Unity is not just a “representation technology”. It’s a game engine. This includes rendering, of course, but also things like physics simulation, pathfinding, useful data structures for gamedevelopment (like Vectors and all available methods on them, but many more) and so on.
If you want to programm a game independantly of Unity, nothing stops you from doing so. You can just create a game the ‘old school way’, programming the OOP object hierarchy yourself. If you want it to be truly independant and only use Unity for rendering purposes tho, you will need to not make any use of things like Vector3, or other tools like pathfinding. You will then also need a way to convert your custom Vector types to Unity types for displaying them in Unity. You will also needs to create one interface / manager object, which reads your custom game data and converts it into gameobjects. So sure, it’s possible. But if you want to go these lengths, why not simply add a renderer and create your own engine?
Are you familiar with normal object oriented programming? Whatever you do, you will have a Main() method somewhere. Everything that happens, happens inside of this main methode. The rest of the OOP code is just structures to help you. you can simulate this by simply using the Start() method of a single gameobject to replace a Main() method. You can additionally use Update() to call some other code to tell your own game structure that one frame passed.
You wrote that you’d like to have some scripts running in the background and just visually update whats happening. However, how would that work? You either calculate things as fast as possible, or need to pause some time to reach some desired target updates per second. The first would just waste all kinds of ressources, which is bad design. The second is basically… what Unity does. A frame is nothing more than calculating each thing that needs to happen regularly once, then optionally wait until some time passed to reach a lower target framerate. Then repeat this cycle. You may want to take a look at this:
Each object needs to be initialized and then have some update cycle. What you are talking about (things happening ‘independant of the framerate, and visuals just updating what’s happening’) is basically what FixedUpdate does. The physics simulation happens in fixed timesteps and not necessarily every frame. This is an optimization. If you want to develop your own backend for a game and only use Unity for visualizing this, you would also have to think about all of this yourself and implement your own solutions. The effort required for this would be huge.
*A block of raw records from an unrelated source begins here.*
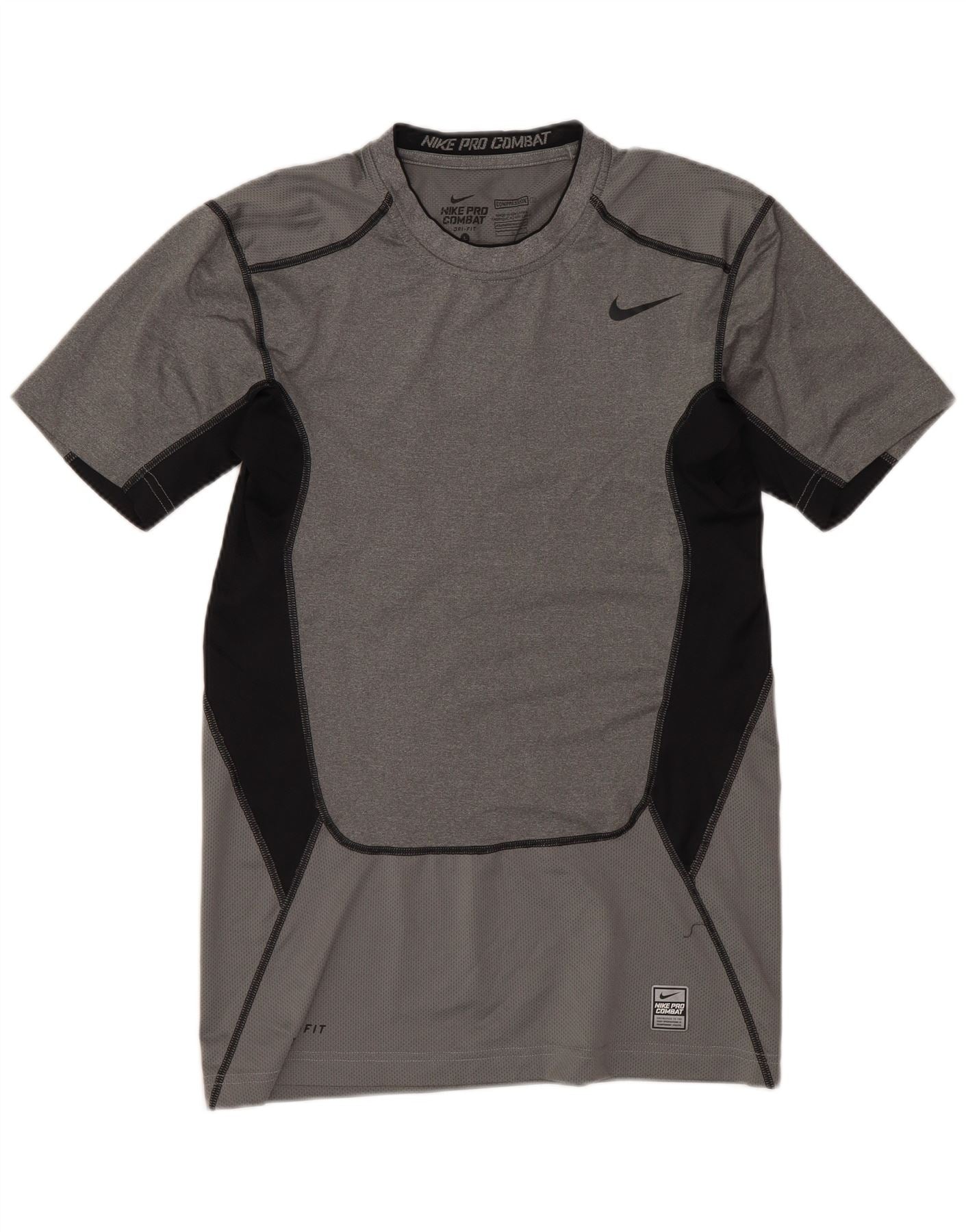 - Descrição da IA: Esta camiseta masculina da Nike é confeccionada em tecido mesclado cinza e conta com a tecnologia Nike Dri-Fit para desempenho. Oferece uma textura respirável e elástica. A gola redonda e as mangas curtas proporcionam uma silhueta atlética clássica. Seu ajuste fino garante uma sensação próxima e de suporte. Os painéis coloridos pretos realçam o design dinâmico, complementando o icônico logotipo da Nike. Este top é ideal para esportes e treinamento.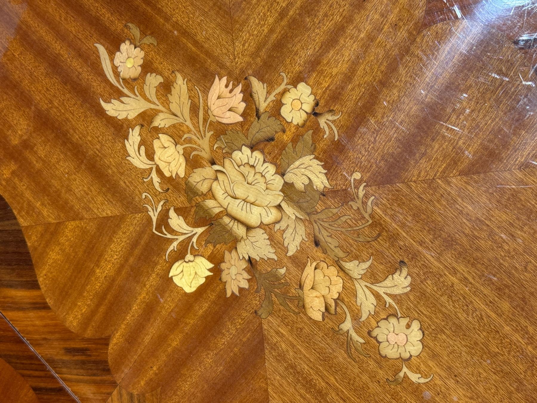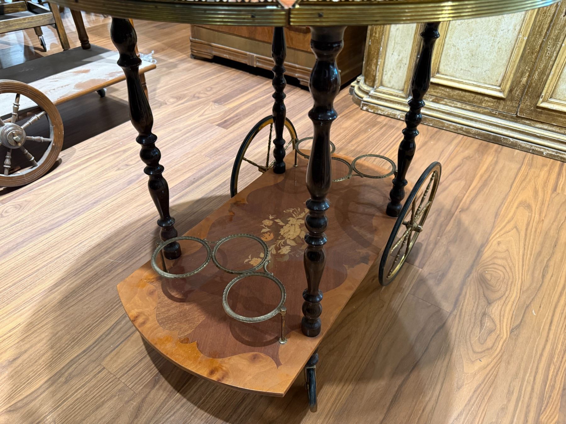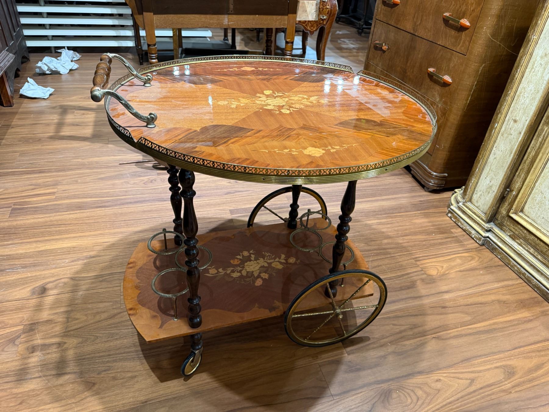 Vintage drop leaf Italian marquetry bar cart featuring intricate inlay design. Measures 29-Inch in height and 30-Inch in diameter. The top tray piece requires reattachment. Item is as pictured.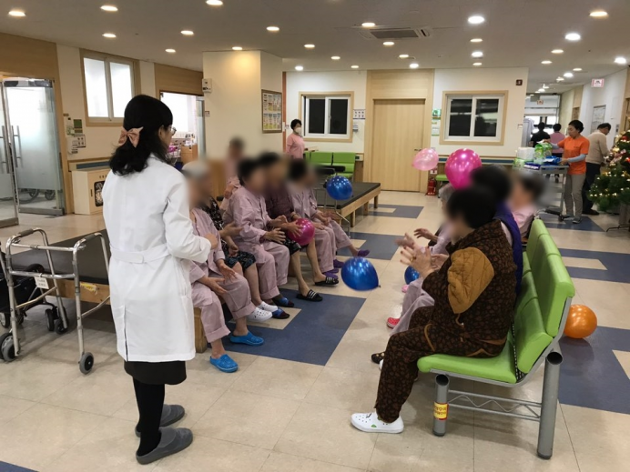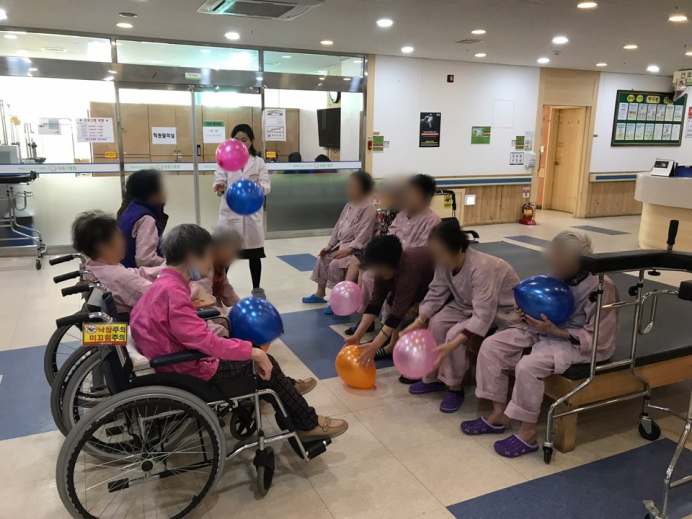 15병동 어르신들께서 신체활동으로 풍선배구를 실시하셨습니다.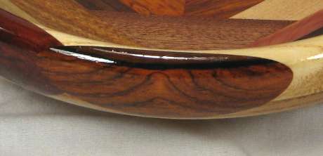 The cocobolo in view 5 has a color change that is so strong and abrupt, with a thick black line between the two colors, that it seems to be two different woods. Also, that same piece of cocobolo has a marvelous "V" shape in the grain. There's a closeup pic below showing both of these characteristics clearly.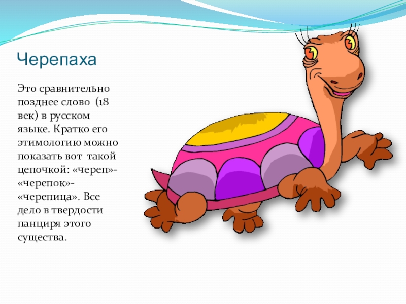этимологию можно показать вот такой цепочкой: «череп»- «черепок»- «черепица». Все дело в твердости панциря этого существа.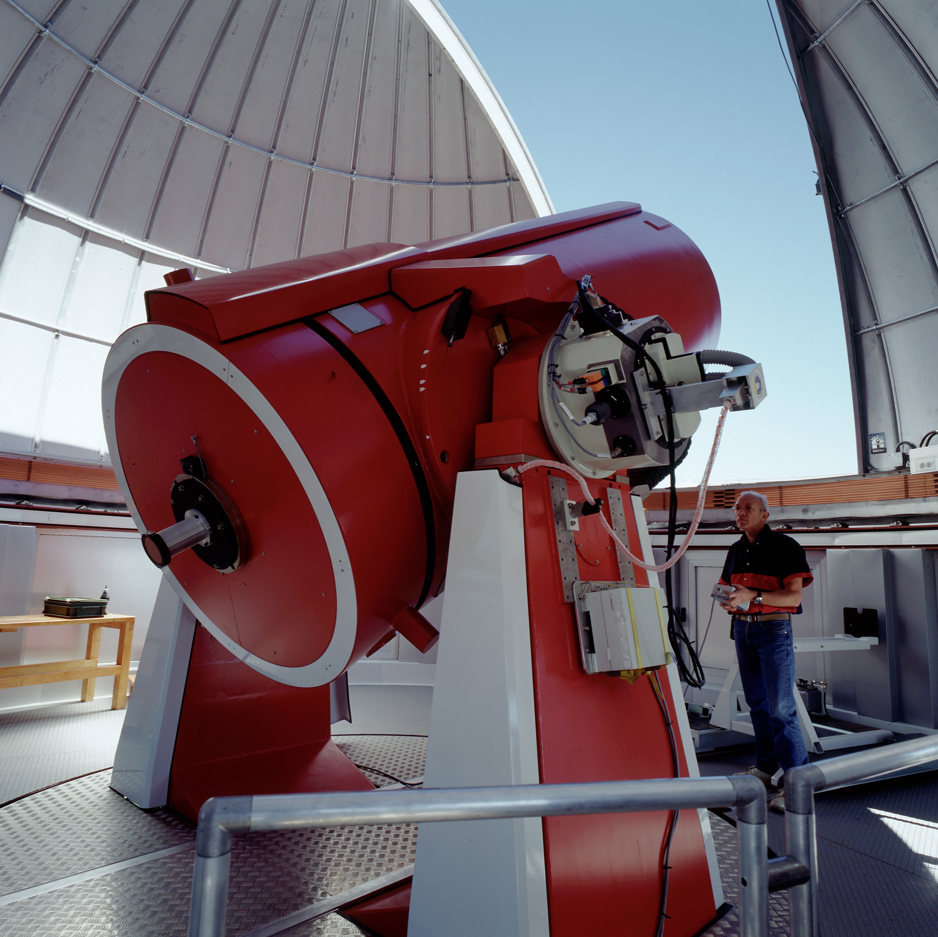 The Swiss 1.2-m Leonhard Euler Telescope in its dome at La Silla. This telescope is named after the Swiss mathematician Leonhard Euler (1707 - 1783).

I also believe you have some general misconceptions. You wrote “this would allow to have entities be active without needing to add them to the scenegraph”. Meshes already only get rendered when they are seen by any camera. So invisible objects, objects behind the camera, or faraway objects already will not be rendered. However, if you plan on fully disabling them, that would be equal to disabling the whole gameobject. If you do not want to waste CPU on some entitiy, then you will also not update it. Thus you cannot know if it walked into the camera view again, or depending on how you do it, you wouldnt even know if you moved the camera to look at it, so you had no idea when to render it again, or would potentially render an un-updated version of the object.
So to conclude my answer: you can write all the custom data structures you want and recycle them, perhabs even between different engines. At some point however, you will need to interact with Unity. It’s also probably a good idea if you think about how you would implement these things differently - because just having scripts run in the background without any limiters is hardly any good design. These objects / scripts will need to have an update rate. This update rate ideally needs to be in sync with other update rates, and in a fixed order relative to them. This is what a framerate is.
I believe perhabs you have the wrong idea about how games work in general (which is a weird thing to say, i know). Games dont exist between frames. Nothing happens between these snapshots we see, and if something happened there, we wouldnt see it. Games are literally just snapshots of something calculated in the background, determined by some samplerate which is the framerate. The game world does not change between two frames, it changes only with each new frame.